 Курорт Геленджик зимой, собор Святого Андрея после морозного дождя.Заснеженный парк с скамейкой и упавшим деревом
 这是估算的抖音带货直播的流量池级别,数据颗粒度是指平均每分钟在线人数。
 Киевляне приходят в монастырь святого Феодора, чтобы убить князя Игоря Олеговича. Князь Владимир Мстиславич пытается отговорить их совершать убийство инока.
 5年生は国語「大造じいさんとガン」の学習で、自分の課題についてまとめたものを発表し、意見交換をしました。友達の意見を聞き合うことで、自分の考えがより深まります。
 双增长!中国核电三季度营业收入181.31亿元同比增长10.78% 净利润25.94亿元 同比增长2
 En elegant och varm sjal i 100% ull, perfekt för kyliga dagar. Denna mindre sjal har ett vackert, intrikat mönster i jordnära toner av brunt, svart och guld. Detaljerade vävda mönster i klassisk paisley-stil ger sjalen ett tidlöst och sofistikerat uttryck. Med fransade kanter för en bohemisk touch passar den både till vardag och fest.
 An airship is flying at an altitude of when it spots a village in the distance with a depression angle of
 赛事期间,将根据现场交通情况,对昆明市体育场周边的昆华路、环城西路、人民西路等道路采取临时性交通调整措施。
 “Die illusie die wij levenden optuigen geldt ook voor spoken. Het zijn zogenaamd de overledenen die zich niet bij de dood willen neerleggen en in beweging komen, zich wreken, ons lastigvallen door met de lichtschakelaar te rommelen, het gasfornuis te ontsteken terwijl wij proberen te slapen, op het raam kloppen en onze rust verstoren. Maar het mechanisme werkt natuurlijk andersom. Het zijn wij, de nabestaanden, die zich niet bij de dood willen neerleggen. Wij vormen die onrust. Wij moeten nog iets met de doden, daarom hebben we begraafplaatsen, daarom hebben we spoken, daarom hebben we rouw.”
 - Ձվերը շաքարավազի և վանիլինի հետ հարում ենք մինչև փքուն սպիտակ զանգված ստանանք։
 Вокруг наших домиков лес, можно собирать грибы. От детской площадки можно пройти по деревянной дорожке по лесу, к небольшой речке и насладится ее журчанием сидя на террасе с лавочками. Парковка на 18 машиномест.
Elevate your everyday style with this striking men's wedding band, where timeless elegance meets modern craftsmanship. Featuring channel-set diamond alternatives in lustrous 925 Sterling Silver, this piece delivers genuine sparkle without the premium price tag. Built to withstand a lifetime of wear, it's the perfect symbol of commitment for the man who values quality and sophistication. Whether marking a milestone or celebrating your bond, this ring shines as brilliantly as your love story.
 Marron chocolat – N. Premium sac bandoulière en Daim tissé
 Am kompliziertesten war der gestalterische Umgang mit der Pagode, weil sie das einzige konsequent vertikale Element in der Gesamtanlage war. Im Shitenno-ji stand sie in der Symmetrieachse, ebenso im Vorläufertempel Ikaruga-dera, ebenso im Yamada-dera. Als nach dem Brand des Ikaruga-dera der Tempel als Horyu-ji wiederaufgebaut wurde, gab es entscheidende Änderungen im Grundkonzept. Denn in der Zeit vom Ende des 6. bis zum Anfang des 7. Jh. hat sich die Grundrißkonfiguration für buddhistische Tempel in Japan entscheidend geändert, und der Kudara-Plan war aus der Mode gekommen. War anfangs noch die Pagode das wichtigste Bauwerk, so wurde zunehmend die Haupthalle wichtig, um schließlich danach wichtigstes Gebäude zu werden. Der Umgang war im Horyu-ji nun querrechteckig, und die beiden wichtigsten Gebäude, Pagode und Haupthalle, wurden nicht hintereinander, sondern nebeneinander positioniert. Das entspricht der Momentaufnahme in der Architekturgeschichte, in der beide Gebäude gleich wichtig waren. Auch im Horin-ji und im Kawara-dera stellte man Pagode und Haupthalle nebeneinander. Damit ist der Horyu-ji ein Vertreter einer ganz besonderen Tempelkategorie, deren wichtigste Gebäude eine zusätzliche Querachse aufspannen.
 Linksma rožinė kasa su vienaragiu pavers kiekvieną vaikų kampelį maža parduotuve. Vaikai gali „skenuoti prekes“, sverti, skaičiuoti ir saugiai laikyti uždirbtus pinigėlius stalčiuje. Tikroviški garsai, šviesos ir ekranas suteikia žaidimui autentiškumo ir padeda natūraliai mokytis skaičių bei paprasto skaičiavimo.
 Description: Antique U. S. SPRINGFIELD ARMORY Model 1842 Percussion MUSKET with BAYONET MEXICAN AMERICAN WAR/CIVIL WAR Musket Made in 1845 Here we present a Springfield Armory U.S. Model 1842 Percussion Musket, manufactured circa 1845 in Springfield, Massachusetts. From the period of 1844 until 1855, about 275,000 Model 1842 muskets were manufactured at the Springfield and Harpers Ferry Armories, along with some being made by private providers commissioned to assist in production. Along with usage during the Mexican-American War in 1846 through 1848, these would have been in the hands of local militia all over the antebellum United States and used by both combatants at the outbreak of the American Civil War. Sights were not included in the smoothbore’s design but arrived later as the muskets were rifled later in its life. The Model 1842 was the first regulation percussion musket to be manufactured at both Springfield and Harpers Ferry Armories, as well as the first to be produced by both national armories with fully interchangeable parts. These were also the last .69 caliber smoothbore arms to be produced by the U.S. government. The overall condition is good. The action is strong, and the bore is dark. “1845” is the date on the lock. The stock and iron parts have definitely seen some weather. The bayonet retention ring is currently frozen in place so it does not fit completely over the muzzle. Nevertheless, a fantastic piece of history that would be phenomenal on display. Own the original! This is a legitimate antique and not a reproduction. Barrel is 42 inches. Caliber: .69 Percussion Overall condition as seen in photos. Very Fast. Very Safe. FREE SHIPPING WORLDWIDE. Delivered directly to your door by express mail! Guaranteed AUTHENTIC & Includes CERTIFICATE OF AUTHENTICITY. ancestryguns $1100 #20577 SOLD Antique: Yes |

■ **EXERCISE DETAILS**: In the listing above, transcribe exactly everything from the line containing "An airship is" down to the line containing "Вокруг наших домиков", including both and nothing more.

■ **OUTPUT OF THE TASK**:
 An airship is flying at an altitude of when it spots a village in the distance with a depression angle of
 赛事期间,将根据现场交通情况,对昆明市体育场周边的昆华路、环城西路、人民西路等道路采取临时性交通调整措施。
 “Die illusie die wij levenden optuigen geldt ook voor spoken. Het zijn zogenaamd de overledenen die zich niet bij de dood willen neerleggen en in beweging komen, zich wreken, ons lastigvallen door met de lichtschakelaar te rommelen, het gasfornuis te ontsteken terwijl wij proberen te slapen, op het raam kloppen en onze rust verstoren. Maar het mechanisme werkt natuurlijk andersom. Het zijn wij, de nabestaanden, die zich niet bij de dood willen neerleggen. Wij vormen die onrust. Wij moeten nog iets met de doden, daarom hebben we begraafplaatsen, daarom hebben we spoken, daarom hebben we rouw.”
 - Ձվերը շաքարավազի և վանիլինի հետ հարում ենք մինչև փքուն սպիտակ զանգված ստանանք։
 Вокруг наших домиков лес, можно собирать грибы. От детской площадки можно пройти по деревянной дорожке по лесу, к небольшой речке и насладится ее журчанием сидя на террасе с лавочками. Парковка на 18 машиномест.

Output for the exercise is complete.